**WHAT THE EXERCISE ASKS**
Everything from the line with "見本はストライプの柔らかい綿" through the final line of the listing below must be retyped exactly, apart from the pictures.

**DATA EXCERPT**
•••••

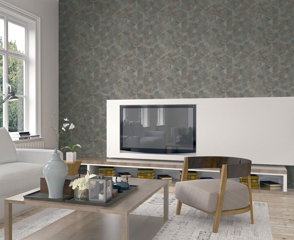 Unconventional geometric pattern in shades of a semi-gloss brown and turquoise.
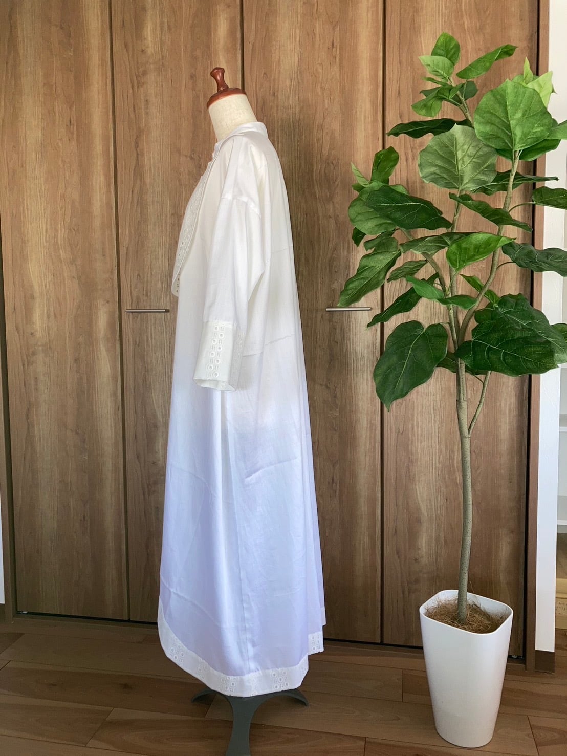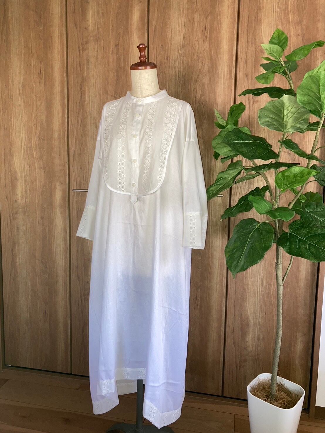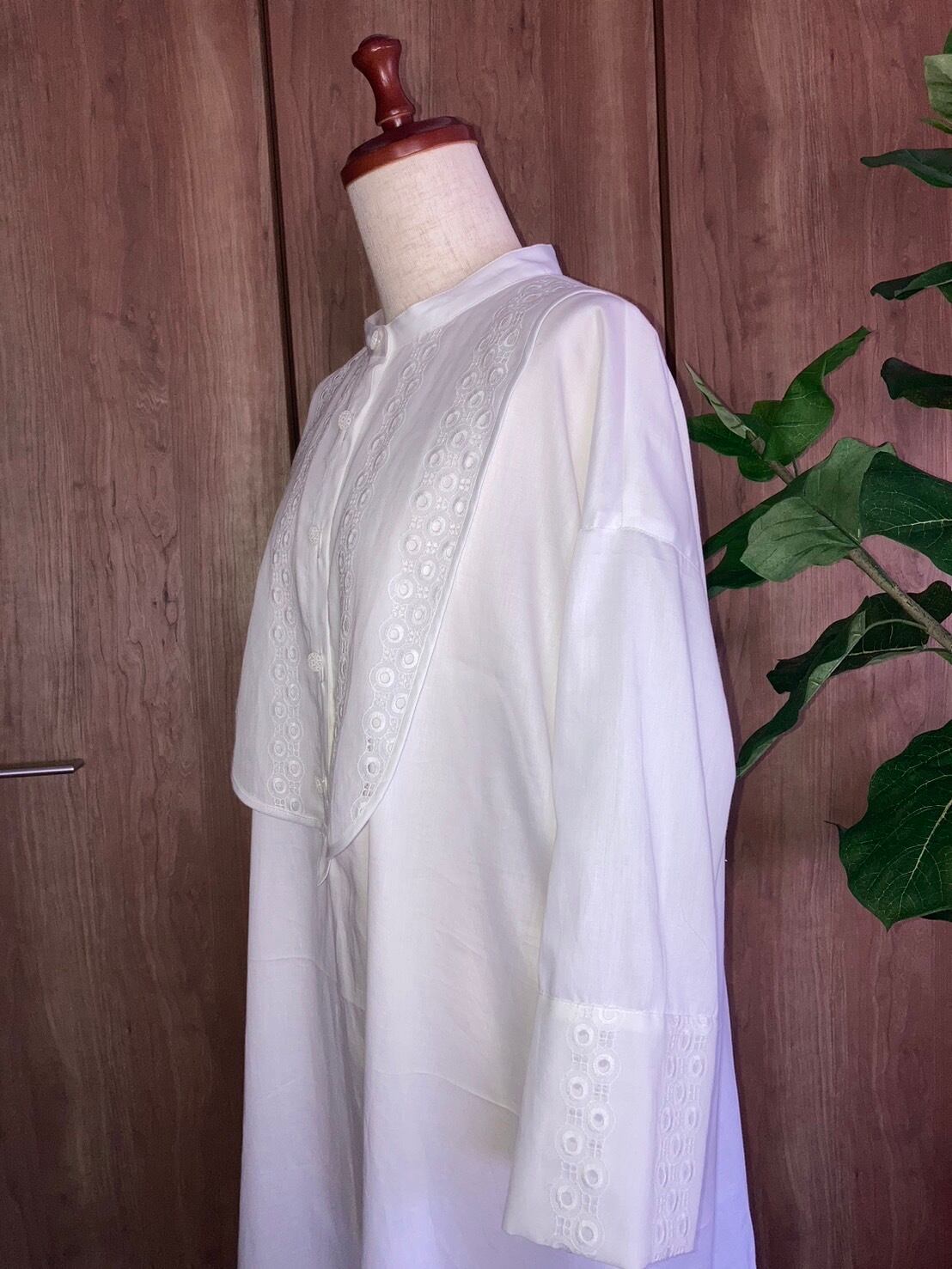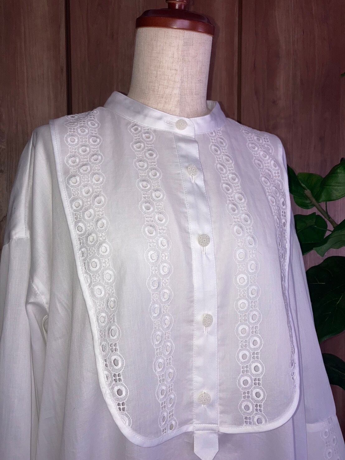 見本はストライプの柔らかい綿ローンで作っていますが、無地で作って短冊のボタンを凝った物にしてみたり、ビブヨーク、カフス、裾見返し部分の布地を変えて作るのもおすすめです。
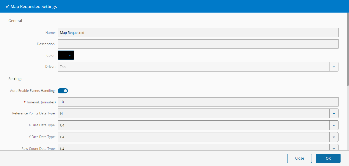 When activated, the Map Requested task will handle S12F3 (Map Setup) and S12F15 (Map Data Requested) SECS/GEM messages from the equipment.

•••••

**ANSWER TO THE PROBLEM**
 見本はストライプの柔らかい綿ローンで作っていますが、無地で作って短冊のボタンを凝った物にしてみたり、ビブヨーク、カフス、裾見返し部分の布地を変えて作るのもおすすめです。
 When activated, the Map Requested task will handle S12F3 (Map Setup) and S12F15 (Map Data Requested) SECS/GEM messages from the equipment.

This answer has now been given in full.